We’ve noticed a few clients and listbox/google group members asking questions about Apache Kafka recently, so we decided to take a closer look and add it to TorQ.
Apache Kafka bills itself as a ‘distributed streaming platform’ – what that seems to mean is that it is a real time messaging system with persistent storage in message logs. The distributed part of the description means it can run in a cluster which gives it scalability and fault tolerance. It was developed at LinkedIn and open sourced in 2011.

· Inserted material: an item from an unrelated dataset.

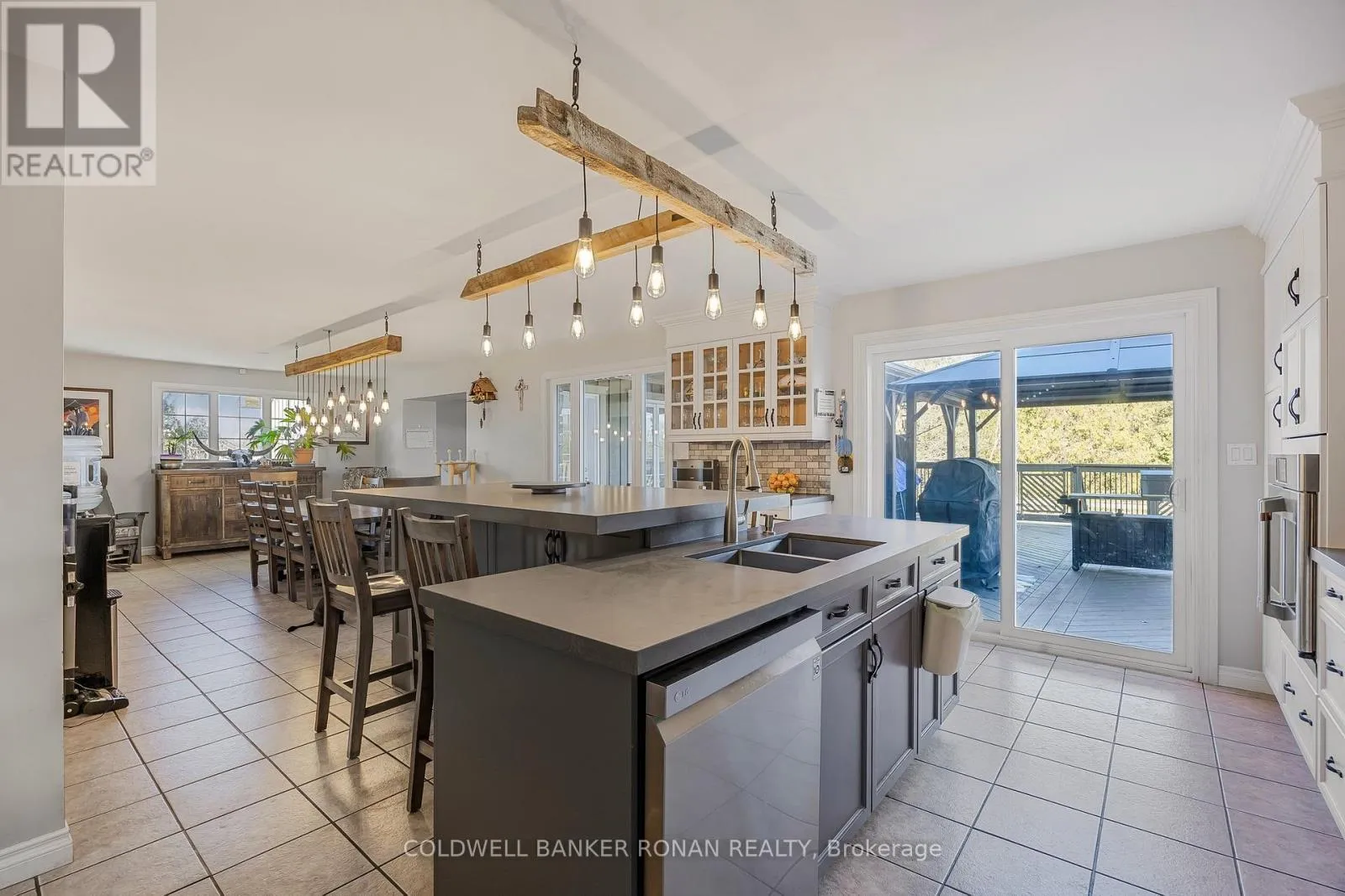 5th Sideroad of Tos N. on Conc Rd 6 Exceptional 118-acre working farm just minutes from the thriving town of Alliston, offering a rare combination of agricultural income, multigenerational living, and business potential. Currently operating as a bison and Texas Longhorn cattle farm, this property is well-equipped for livestock or expanded agri-business use. Two custom homes provide flexible living options. The main residence features a spacious eat-in kitchen with walkout to a landscaped yard and in-ground pool, multiple living areas, main floor primary bedroom, office, and five additional bedrooms upstairs. The finished walkout lower level includes a recreation room, kitchenette, and bath. A second walkout bungalow (1998) offers 2+3 bedrooms, ideal for extended family or income potential. Extensive infrastructure includes 800-amp service and a 10kW microFIT solar system generating approx. $10,000/year. Farm buildings include six grazing sheds (32' x 360'), a 130' x 50' shop (approx. 40% cold storage) attached to a 50' x 80' building (approx. 90% cold storage), a 40' x 100' coverall, multiple run-in sheds, and a large bank barn with retail/event potential and possible living quarters, plus lower-level equestrian setup. Approx. 80 workable acres, with portions currently in pasture. A turnkey farm with scale, versatility, and long-term opportunity in a prime location. (id:27476)
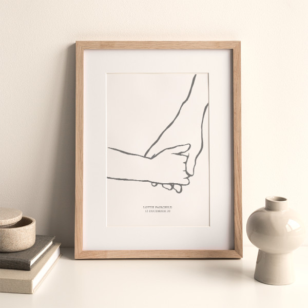 You can personalise the text at the bottom of the print with your words, whether a signature, such as ‘Emily & Mummy May 2020’ or with a phrase such as ‘You will hold my hand for a while but my heart forever’.

The core functionality of Kafka – pub/sub messaging with persisted logs, will be familiar to most readers as the functionality offered by the kdb+ tick tickerplant. The tickerplant log allows the real time database and other consumers to replay a day’s events to recover state. An application architecture built around Kafka could dispense with a tickerplant component, and have RDBs and other real time clients query Kafka on startup for offsets, and play back the data they need. While not suitable for very low latency access to streaming data, it would carry some advantages for very high throughput applications, particularly those in the cloud:
Apache Kafka is java based, but there is a mature open source C library librdkafka which allows us to build native bindings to q via a shared library. We’re releasing this today in it’s current form, with basic pub/sub functionality from q to Kafka.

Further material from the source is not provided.